Task brief:
With the images removed, write out every line below exactly.

Source data:
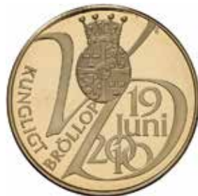
59. Bröllopsmedalj 2010 utgiven av Mynthuset Sverige i samarbete med TV4. Konstnär: Joaquin Jimenez. Kungl Myntkabinetet.
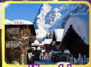
หมู่บ้านมูร์เรน
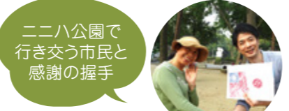
二二八公園で 行き交う市民と 感謝の握手
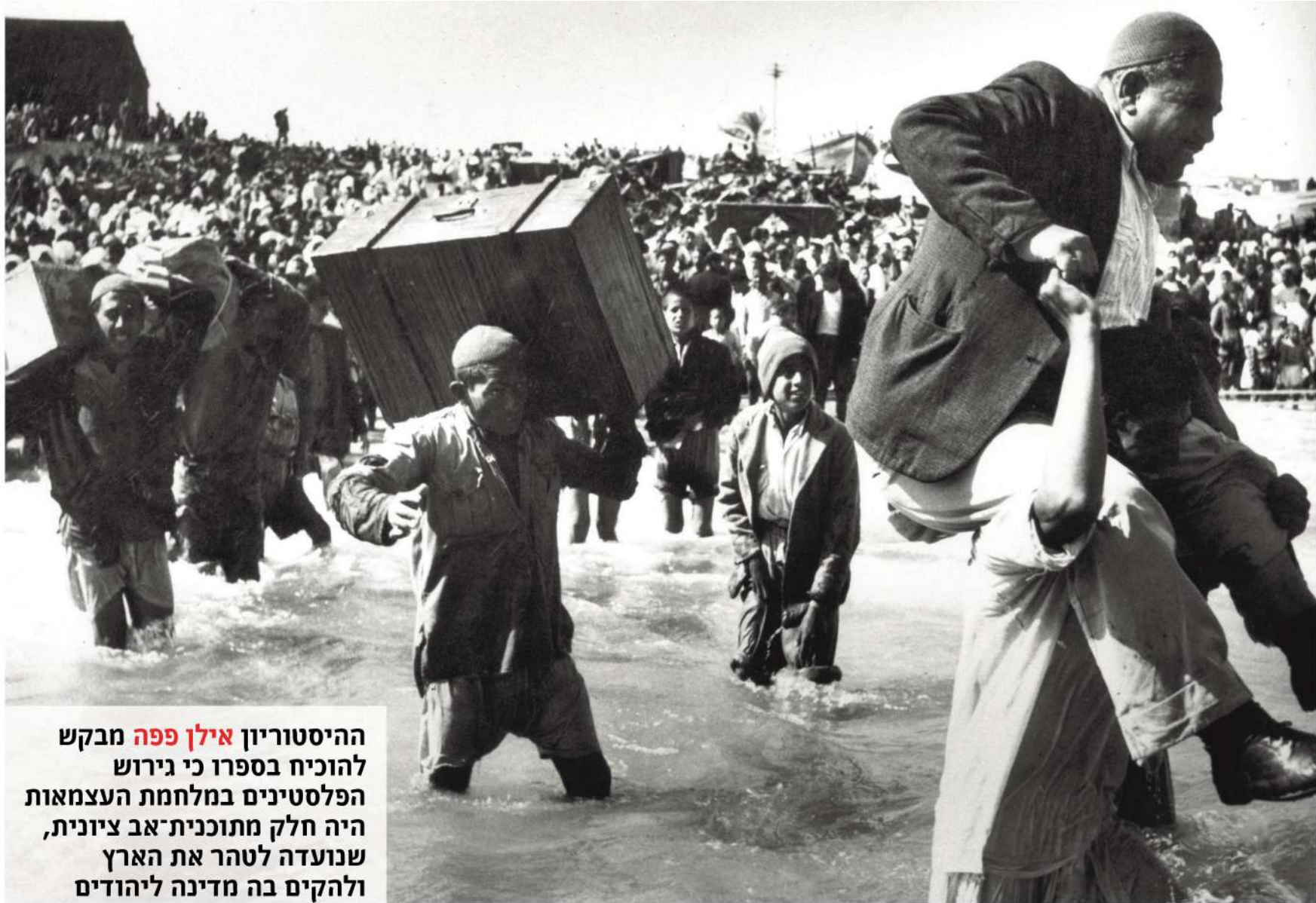
פליטים פלסטינים ב-1948. כיצד המושג "בריה" נהפך לכלי תעמולתי?
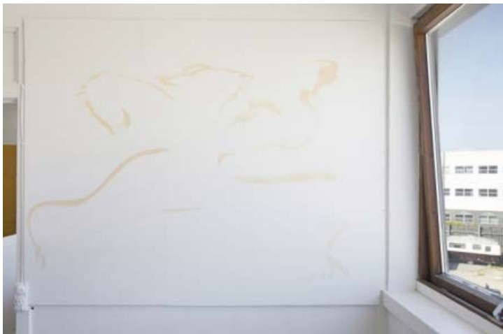
Stefania Batoeva: 5 am Victory . Akryl på væg. På gruppeudstilling m. Stefania Batoeva, Esmerelda V. Lindström, Saskia Te Nicklin, 68 Square Metres.
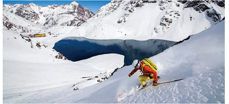
CHILENO. Otra de las opciones, del otro lado de la cordillera, es Portillo.

TEMPORADA 2026. Los Puquios (en Mendoza) y Portillo (Chile) ya confirmaron tarifas para estas vacaciones, mientras que Las Leñas (el más importante de nuestra provincia) sigue sin definiciones.
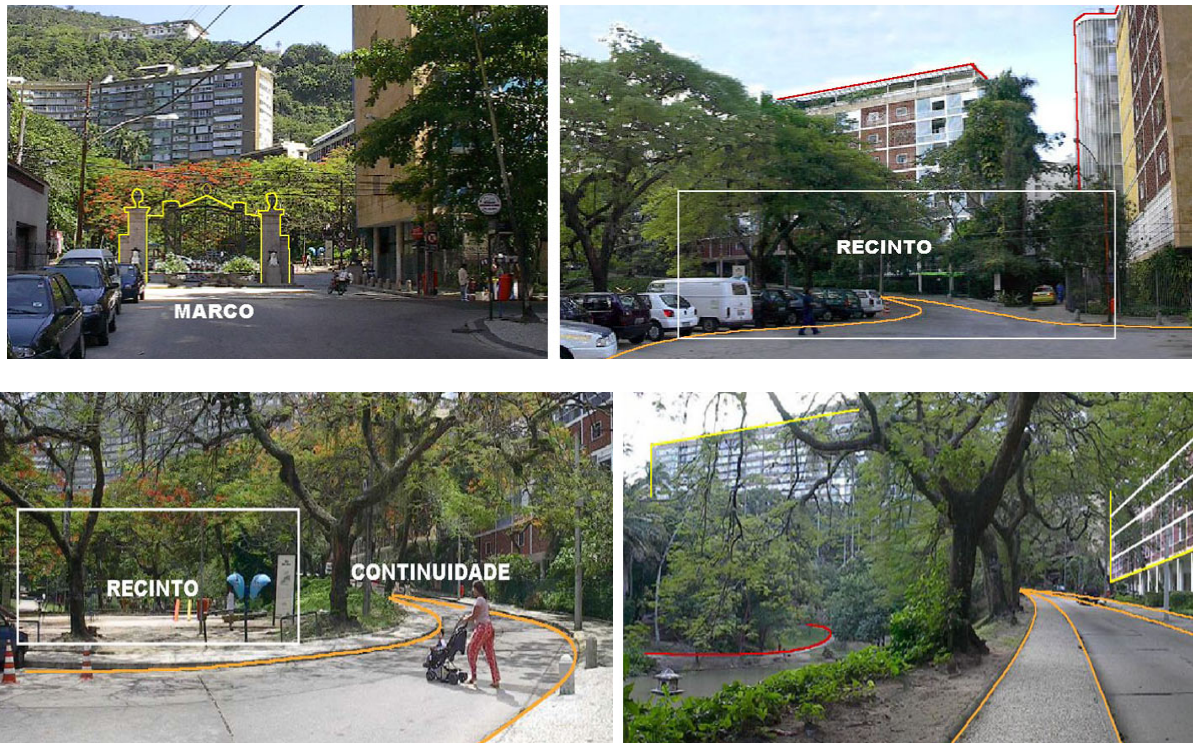
Figuras 2a, 2b, 2c e 2d - Técnica de visão serial usada para análise visual do Parque Guinle através da identificação dos elementos estruturais lynchianos e dos critérios definidos por Cullen

A técnica de visão serial tem por propósito o registro de imagens do ambiente urbano – através de croquis de observação ou registros fotográficos –, de modo a configurar determinados percursos que identifiquem os elementos físicos estruturais. Para a avaliação perceptivo-cognitiva foram analisados os elementos componentes da legibilidade e estrutura formal do espaço, definidos como nós , percursos , limites , setores e marcos (Lynch, 1960), em acordo com os critérios de análise visual do townscape de Cullen (1996). A operacionalização do método partiu da escolha das rotas a serem percorridas sobre as quais foram feitos registros fotográficos a cada cem metros aproximadamente e algumas tomadas de detalhes significativos que chamaram à atenção durante o trajeto (Figs. 2a, 2b, 2c e 2d).
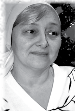
Любовь - 10 февраля
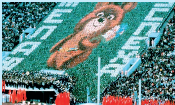
Vid invigningen i Moskva skapade en välregisserad läktarsektion olika bilder, här björnen Misha.
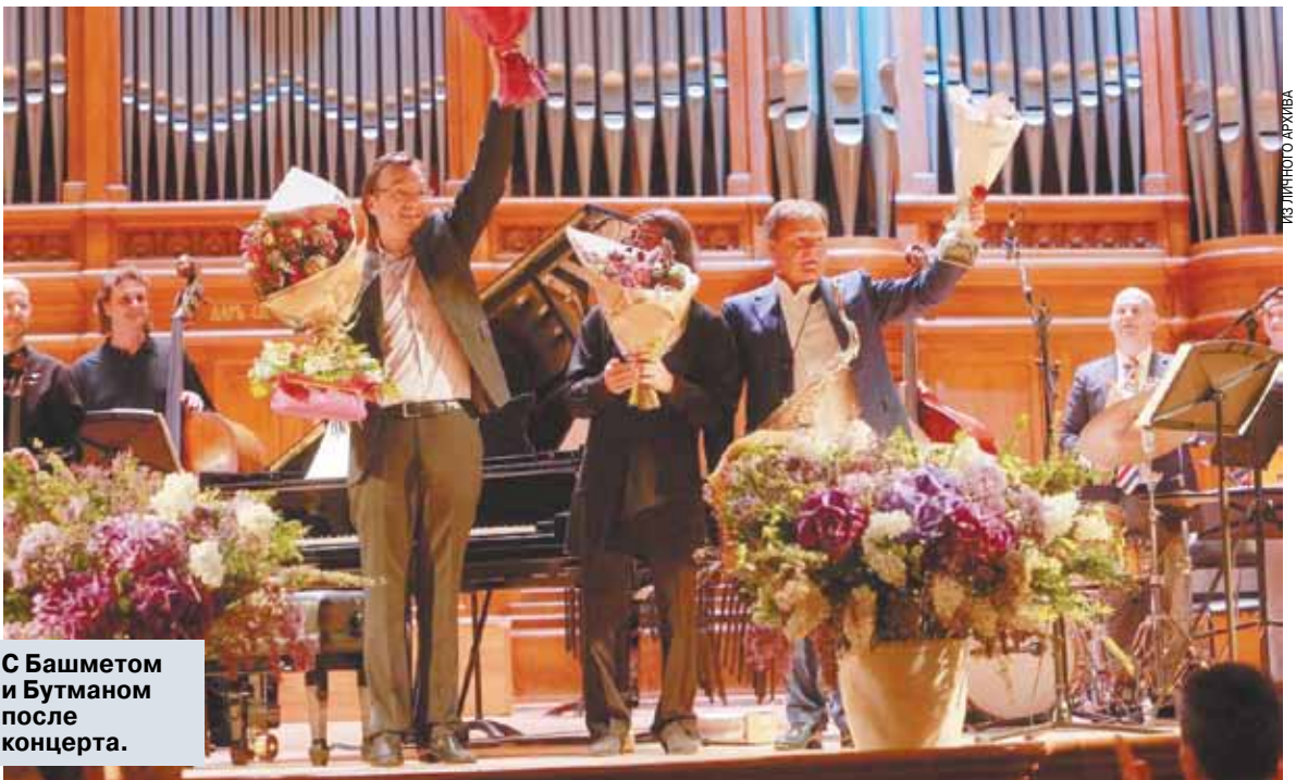
С Башметом и Бутманом после концерта.
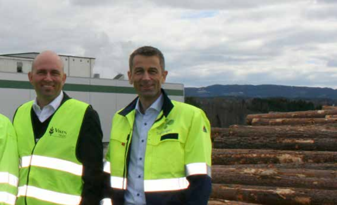
Samarbeidsavtale med St1 om biodrivstoff på Follum
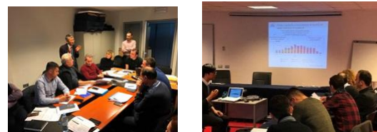
Seminari në MMPH
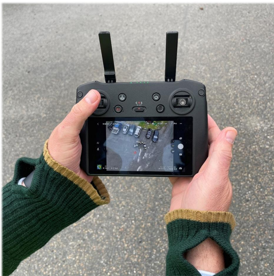
Små skjermer på styrekonsollen

Et nettbrett ville kanskje vært det optimale, for da kan dronepilotene gå inn og endre på eventuelle flyge planer, der det måtte være behov for dette. Det skjedde flere ganger i 2023 at vi måtte gå inn å endre på flyge planer på stedet der vi skulle foreta søk, fordi vi så fysiske hindringer, eller andre utfordringer som vi ikke kunne forutse når vi satt hjemme og lagde flyge planene digitalt. Dette er også en av årsakene til at det er viktig med prøve flyging av teigene i god tid før søk, da kan dronepilotene gjøre justeringer på stedet, slik at alt er klart til selve søket skal utføres. Vi ønsker derfor å se om vi kan få nok midler til å kjøpe inn ekstra skjermer og/eller nettbrett til dronene i 2024.
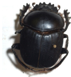
Рис. 2. Жук вида Scarabaeus sacer (Священный скарабей)
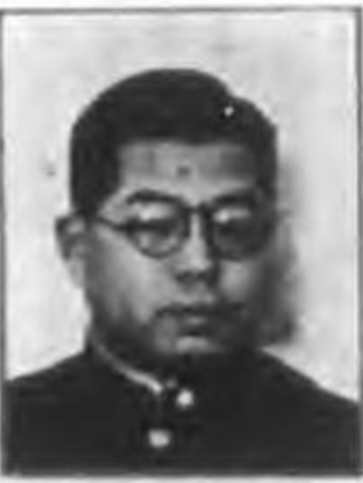
山 爲 田 二

三五生京都府上原縣長女兵庫縣立梅原高女卒)長男智夫(大八生大連二中在)長女小夜子(大一一〇生錦丘女學校在)二男規夫(大一一二生新京中在)【住所】公主嶺地取街二ノ一四

Solution:
59. Bröllopsmedalj 2010 utgiven av Mynthuset Sverige i samarbete med TV4. Konstnär: Joaquin Jimenez. Kungl Myntkabinetet.
หมู่บ้านมูร์เรน
二二八公園で 行き交う市民と 感謝の握手
פליטים פלסטינים ב-1948. כיצד המושג "בריה" נהפך לכלי תעמולתי?
Stefania Batoeva: 5 am Victory . Akryl på væg. På gruppeudstilling m. Stefania Batoeva, Esmerelda V. Lindström, Saskia Te Nicklin, 68 Square Metres.
CHILENO. Otra de las opciones, del otro lado de la cordillera, es Portillo.

TEMPORADA 2026. Los Puquios (en Mendoza) y Portillo (Chile) ya confirmaron tarifas para estas vacaciones, mientras que Las Leñas (el más importante de nuestra provincia) sigue sin definiciones.
Figuras 2a, 2b, 2c e 2d - Técnica de visão serial usada para análise visual do Parque Guinle através da identificação dos elementos estruturais lynchianos e dos critérios definidos por Cullen

A técnica de visão serial tem por propósito o registro de imagens do ambiente urbano – através de croquis de observação ou registros fotográficos –, de modo a configurar determinados percursos que identifiquem os elementos físicos estruturais. Para a avaliação perceptivo-cognitiva foram analisados os elementos componentes da legibilidade e estrutura formal do espaço, definidos como nós , percursos , limites , setores e marcos (Lynch, 1960), em acordo com os critérios de análise visual do townscape de Cullen (1996). A operacionalização do método partiu da escolha das rotas a serem percorridas sobre as quais foram feitos registros fotográficos a cada cem metros aproximadamente e algumas tomadas de detalhes significativos que chamaram à atenção durante o trajeto (Figs. 2a, 2b, 2c e 2d).
Любовь - 10 февраля
Vid invigningen i Moskva skapade en välregisserad läktarsektion olika bilder, här björnen Misha.
С Башметом и Бутманом после концерта.
Samarbeidsavtale med St1 om biodrivstoff på Follum
Seminari në MMPH
Små skjermer på styrekonsollen

Et nettbrett ville kanskje vært det optimale, for da kan dronepilotene gå inn og endre på eventuelle flyge planer, der det måtte være behov for dette. Det skjedde flere ganger i 2023 at vi måtte gå inn å endre på flyge planer på stedet der vi skulle foreta søk, fordi vi så fysiske hindringer, eller andre utfordringer som vi ikke kunne forutse når vi satt hjemme og lagde flyge planene digitalt. Dette er også en av årsakene til at det er viktig med prøve flyging av teigene i god tid før søk, da kan dronepilotene gjøre justeringer på stedet, slik at alt er klart til selve søket skal utføres. Vi ønsker derfor å se om vi kan få nok midler til å kjøpe inn ekstra skjermer og/eller nettbrett til dronene i 2024.
Рис. 2. Жук вида Scarabaeus sacer (Священный скарабей)
山 爲 田 二

三五生京都府上原縣長女兵庫縣立梅原高女卒)長男智夫(大八生大連二中在)長女小夜子(大一一〇生錦丘女學校在)二男規夫(大一一二生新京中在)【住所】公主嶺地取街二ノ一四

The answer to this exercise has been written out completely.